Liderler, söylemleri ile ortamı sürekli gerdiler. Nitekim grup toplantısında konuşan Başbakan Tayyip Erdoğan, Gezi Parkı direnişçilere yönelik olarak "Camide içki içtiler", "Bayrak yaktılar", "Başörtülülere saldırdılar" sözleri ile tehlikeli bir tavır içinde oldu.
Başbakan Sayın ERDOĞAN, "Reyhanlı'da 53 Sünni vatandaşımız şehit edildi. " sözlerini niçin söyleme gereği duydu, en iyi kendisi bilir ama bu tür söylemler, ülkemizde dinsel nefreti artırır.
Şu bir gerçek ki, eleştirinin ve tartışmanın, geçmediği yer ve durum yoktur. Eleştiri ve tartışma yaşamın parçaları, daha doğrusu bütünü içindedir. Ondan da kimse uzak ve ilgisiz kalamaz. Öyleyse, eleştirilerde, HOŞGÖRÜ, BAŞKALARINA SAYGI, ANLAYIŞ... Uygarlığın temeli, yaşam biçimi budur. Demokrasi de bu temeller üzerine inşa edilir. Ama Parti Liderlerinin konuşmalarındaki ifadeler, bu tablonun tam tersidir.
Çok partili dönemde, siyasi liderlerin gerilen atmosferle birlikte, daha öfkeli bir üslup kullandıkları gözlemlendi. Liderler ortamı germekte adeta yarıştılar. Bugünde aynı tablo gündemdedir. Başbakan'ın, katıldığı herhangi bir açılış konuşmasında, siyaset yok, üstelik de mutlu bir olay gerçekleştiriliyor. Fabrika açılıyor, Hastane açılıyor. Bir bakıyorsunuz, yine başbakan sesini yükseltiyor, Aynı şey, aslında muhalefet liderleri için de, geçerlidir.
Son günlerde, İktidarla muhalefet arasındaki gerginlik, kaygı verici boyutlara ulaştı. İktidar ve muhalefet liderleri söylemlerinin, ne getirip götüreceğini hesap etmeden konuşuyorlar. En büyük yanlışlıkları da konuşmalarının, fikir ve düşüncelerinin, hatta tavır ve davranışlarının insanımız açısından bir" EĞİTİM" olduğunun farkında bile değiller.
Türkiye'de, partiler ve ülke,"Cumhuriyet Padişahları" ile yönetildi.

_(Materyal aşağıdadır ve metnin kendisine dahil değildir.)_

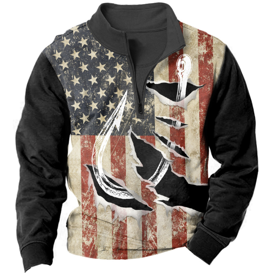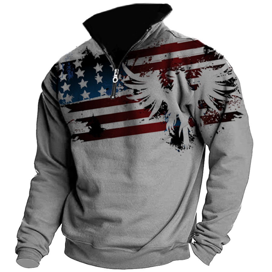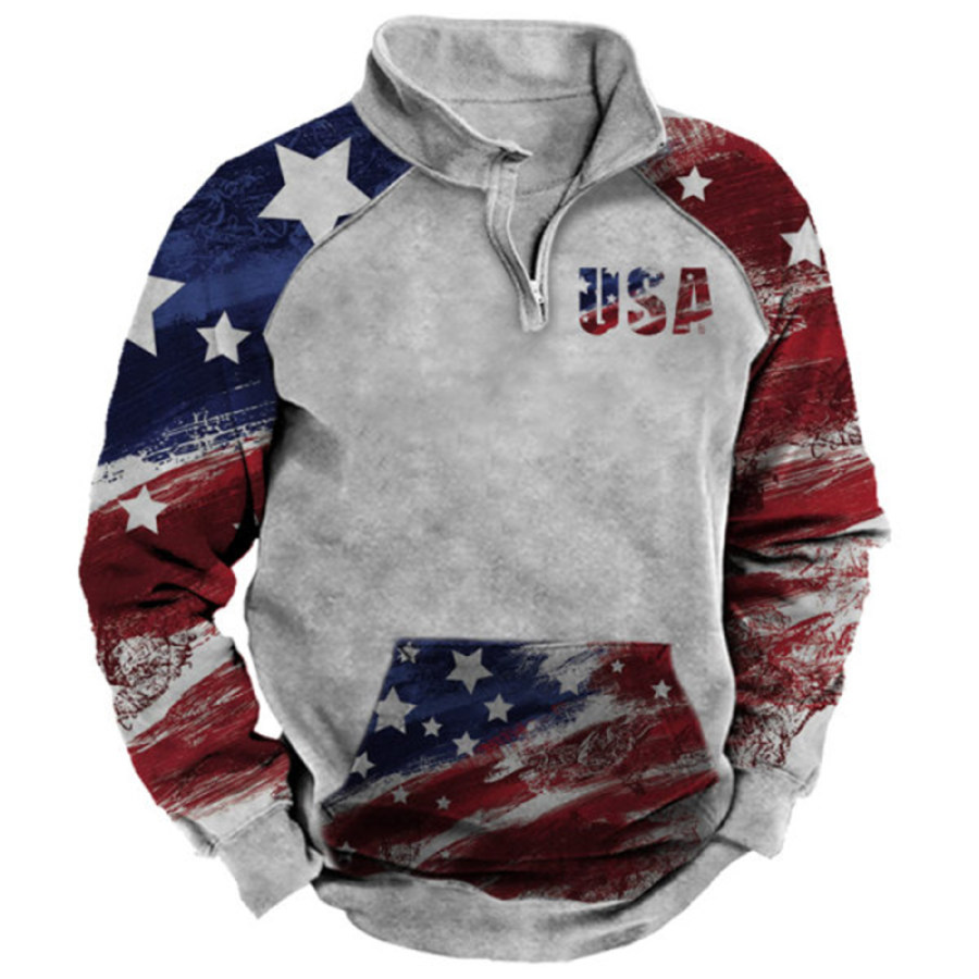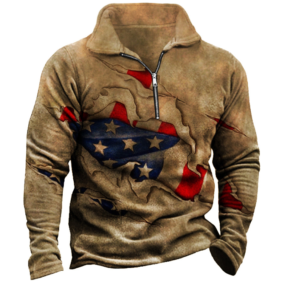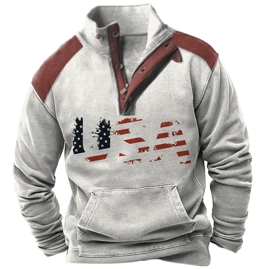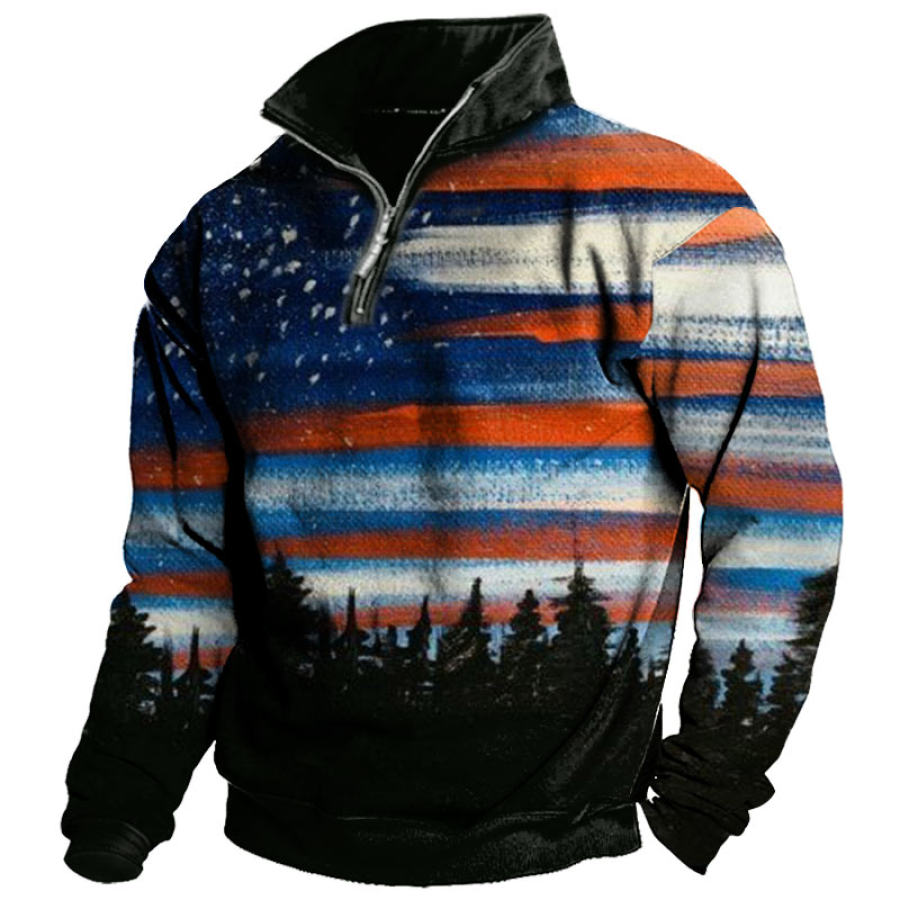 Men's Outdoor American Flag Casual Stand Collar Sweatshirt |

Partilere, "TEK ADAM" felsefesi hakim oldu. " SE-BEN " kavgası ise gündemden düşmedi. Gerginlikler ise gündemi sürekli işgal etti. Hatta sürekli ve kalıcı hale geldi. Bu tablo, toplum ve insanımız için, bir "EĞITIM" olduğu da, sürekli göz ardı edildi.
Liderler, geçmişteki olayları ve mümtaz insanlarımızı eleştirdi. Bugün de liderler aynı yolda. Oysa o günün şartlarını bilmeden, olayları ve insanlarımızı eleştirmek haksızlıktır. Bugünkü lider ve siyasetçilerin görevi, geçmişi eleştirmek olmamalıdır. Varsa doğrularından, "ÖRNEK", yanlışlarından da "İBRET" alarak icraatlarını gerçekleştirmelidir.
Siyasette, diğer bir problemde, dalkavuklardır. Her şart ve zeminde, siyasetçilerin yanından ayrılamadığı gibi, kerameti de kendilerinde görürler. Örtülü olarak gönüllerinde, ya kendilerine, ya da yakınlarına makam- mevki beklerler. Liderlerin etrafında, pek çok dalkavukçu vardır. Dalkavukçuluk, bir yozlaşma sürecidir. Bir kısır döngüdür de. Siyaseti, devleti ve politikacıyı da yozlaştıran da bunlardır.
Ayrıca bir ülkede şartlar değiştikçe fikirlerin de değişmesi, gelişmesi gerekir. Toplumlar değiştikçe, liderde değişmek zorundadır. Ölene kadar aynı liderle yönetilen bir toplum, değişemediği gibi, yerinde saymaya mahkûmdur. Türkiye, o ülkelerden biridir. Yıllarca siyasette, değişimi yakalamadığı gibi, aynı liderlere de mahkûm oldu.
Hülasa günler günleri, aylar ayları, yıllar yılları, kovalıyor ama siyasette ve liderlerde değişen hiçbir şey yok!